OpenAI’s internal reasoning model has cracked the planar unit distance problem — a famous open question first posed by mathematician Paul Erdős in 1946. It’s the first time an OpenAI system has solved a long-standing research problem without step-by-step human guidance. External mathematicians verified the proof, which used tools from algebraic number theory and disproved the long-held belief that the best solutions looked like square grids.
The math problem solved
The planar unit distance problem asks how many times a fixed distance can appear among n points in the plane. Erdős offered a $500 prize for its solution decades ago. Until now, no one — human or machine — had found a definitive answer. The OpenAI model autonomously worked through the problem, employing algebraic number theory in ways that surprised the humans who reviewed the results. The company framed the milestone as part of a broader push toward automated research, arguing that similar reasoning could one day speed up discovery in biology, physics, materials science, and medicine.
OpenAI’s IPO plans
Separately, OpenAI is reportedly preparing an initial public offering filing as soon as this week. The move comes after a US jury cleared the company in a lawsuit brought by Elon Musk. The IPO would give the public a chance to buy into a firm that has drawn billions in investment and whose chatbot, ChatGPT, reshaped how the world thinks about artificial intelligence. Details about the offering — including the expected valuation and the number of shares — have not been disclosed.

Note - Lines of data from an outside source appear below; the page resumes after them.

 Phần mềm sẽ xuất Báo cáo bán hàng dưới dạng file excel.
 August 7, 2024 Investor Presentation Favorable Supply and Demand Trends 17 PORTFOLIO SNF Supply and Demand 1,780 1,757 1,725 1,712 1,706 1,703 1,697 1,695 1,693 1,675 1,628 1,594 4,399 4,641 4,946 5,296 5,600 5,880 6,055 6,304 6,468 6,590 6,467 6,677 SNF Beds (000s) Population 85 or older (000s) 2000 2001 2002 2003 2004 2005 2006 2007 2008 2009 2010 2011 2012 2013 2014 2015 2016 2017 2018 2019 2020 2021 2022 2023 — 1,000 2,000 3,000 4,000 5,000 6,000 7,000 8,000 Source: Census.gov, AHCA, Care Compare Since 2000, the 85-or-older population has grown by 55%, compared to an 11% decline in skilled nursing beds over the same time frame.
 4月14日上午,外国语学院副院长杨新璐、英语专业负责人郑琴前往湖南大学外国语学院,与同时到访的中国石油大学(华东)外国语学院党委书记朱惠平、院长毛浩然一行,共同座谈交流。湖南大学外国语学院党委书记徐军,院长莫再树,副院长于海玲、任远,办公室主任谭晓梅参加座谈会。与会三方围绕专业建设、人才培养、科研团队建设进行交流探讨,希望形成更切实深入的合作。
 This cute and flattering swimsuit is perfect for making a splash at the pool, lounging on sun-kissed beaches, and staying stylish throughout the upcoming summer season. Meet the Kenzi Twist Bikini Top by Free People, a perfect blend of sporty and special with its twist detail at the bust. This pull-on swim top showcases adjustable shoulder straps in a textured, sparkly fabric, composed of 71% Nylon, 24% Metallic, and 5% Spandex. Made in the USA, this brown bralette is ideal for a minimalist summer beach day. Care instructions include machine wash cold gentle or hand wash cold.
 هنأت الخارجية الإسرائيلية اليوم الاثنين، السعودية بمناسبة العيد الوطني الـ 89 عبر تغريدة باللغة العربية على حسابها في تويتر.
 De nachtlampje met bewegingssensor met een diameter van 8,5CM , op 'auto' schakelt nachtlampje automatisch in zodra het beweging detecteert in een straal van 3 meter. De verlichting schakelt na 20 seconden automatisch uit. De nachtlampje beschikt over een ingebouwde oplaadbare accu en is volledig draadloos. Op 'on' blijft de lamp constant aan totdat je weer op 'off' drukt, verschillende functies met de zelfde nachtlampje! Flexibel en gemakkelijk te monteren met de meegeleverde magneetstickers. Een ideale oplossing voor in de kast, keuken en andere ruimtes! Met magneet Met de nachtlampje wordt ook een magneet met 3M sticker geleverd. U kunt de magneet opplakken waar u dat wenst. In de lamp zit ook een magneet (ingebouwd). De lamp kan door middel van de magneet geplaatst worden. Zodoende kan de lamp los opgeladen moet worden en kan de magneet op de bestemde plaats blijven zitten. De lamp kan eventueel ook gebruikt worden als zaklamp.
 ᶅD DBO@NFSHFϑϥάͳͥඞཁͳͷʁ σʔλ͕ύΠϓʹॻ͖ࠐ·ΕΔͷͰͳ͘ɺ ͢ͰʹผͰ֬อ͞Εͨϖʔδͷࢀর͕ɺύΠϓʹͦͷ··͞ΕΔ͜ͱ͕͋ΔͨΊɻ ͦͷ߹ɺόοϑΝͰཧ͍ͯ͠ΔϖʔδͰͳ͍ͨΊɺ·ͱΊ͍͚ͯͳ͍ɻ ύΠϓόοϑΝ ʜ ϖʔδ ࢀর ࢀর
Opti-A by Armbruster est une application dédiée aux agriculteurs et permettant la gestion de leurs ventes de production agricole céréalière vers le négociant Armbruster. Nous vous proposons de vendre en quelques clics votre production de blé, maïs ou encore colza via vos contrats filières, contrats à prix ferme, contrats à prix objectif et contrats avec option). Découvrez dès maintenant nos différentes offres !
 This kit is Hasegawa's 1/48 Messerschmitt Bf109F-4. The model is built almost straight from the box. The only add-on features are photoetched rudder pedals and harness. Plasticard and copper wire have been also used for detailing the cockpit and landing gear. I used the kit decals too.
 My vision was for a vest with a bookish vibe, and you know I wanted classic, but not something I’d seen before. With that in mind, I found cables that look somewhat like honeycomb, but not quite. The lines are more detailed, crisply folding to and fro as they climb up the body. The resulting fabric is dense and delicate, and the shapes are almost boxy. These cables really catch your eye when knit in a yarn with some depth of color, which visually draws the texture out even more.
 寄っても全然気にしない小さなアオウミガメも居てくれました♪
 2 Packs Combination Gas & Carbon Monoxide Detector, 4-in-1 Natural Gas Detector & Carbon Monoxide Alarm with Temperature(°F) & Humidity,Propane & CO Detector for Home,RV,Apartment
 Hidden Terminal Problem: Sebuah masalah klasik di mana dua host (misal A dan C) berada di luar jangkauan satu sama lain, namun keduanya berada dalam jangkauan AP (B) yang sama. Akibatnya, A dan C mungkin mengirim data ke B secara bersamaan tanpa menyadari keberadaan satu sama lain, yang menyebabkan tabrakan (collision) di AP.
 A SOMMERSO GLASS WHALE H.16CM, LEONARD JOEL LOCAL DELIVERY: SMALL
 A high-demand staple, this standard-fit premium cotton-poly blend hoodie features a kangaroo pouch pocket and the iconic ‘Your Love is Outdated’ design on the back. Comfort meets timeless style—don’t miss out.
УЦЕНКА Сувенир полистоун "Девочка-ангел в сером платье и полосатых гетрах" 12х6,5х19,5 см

Anthropic and talent moves
Meanwhile, rival Anthropic is on track for its first profitable quarter, with projected revenue of $10.9 billion. The company has been quietly building its own large language models and has attracted top talent from OpenAI. Former OpenAI founding member Andrej Karpathy recently joined Anthropic to focus on frontier model research, signaling that the war for AI talent remains intense.
The next frontier: agentic AI
The broader industry is shifting toward what some call “agentic” AI — systems that can act, not just answer. Citadel CEO Ken Griffin warned that agentic AI is starting to replace PhD-level finance tasks in hours rather than months. Some observers argue that the next competitive edge in AI will come from access to real-world execution data that lets these systems take action. That raises a question the industry hasn’t yet answered: who controls the data that trains the agents that will run the world?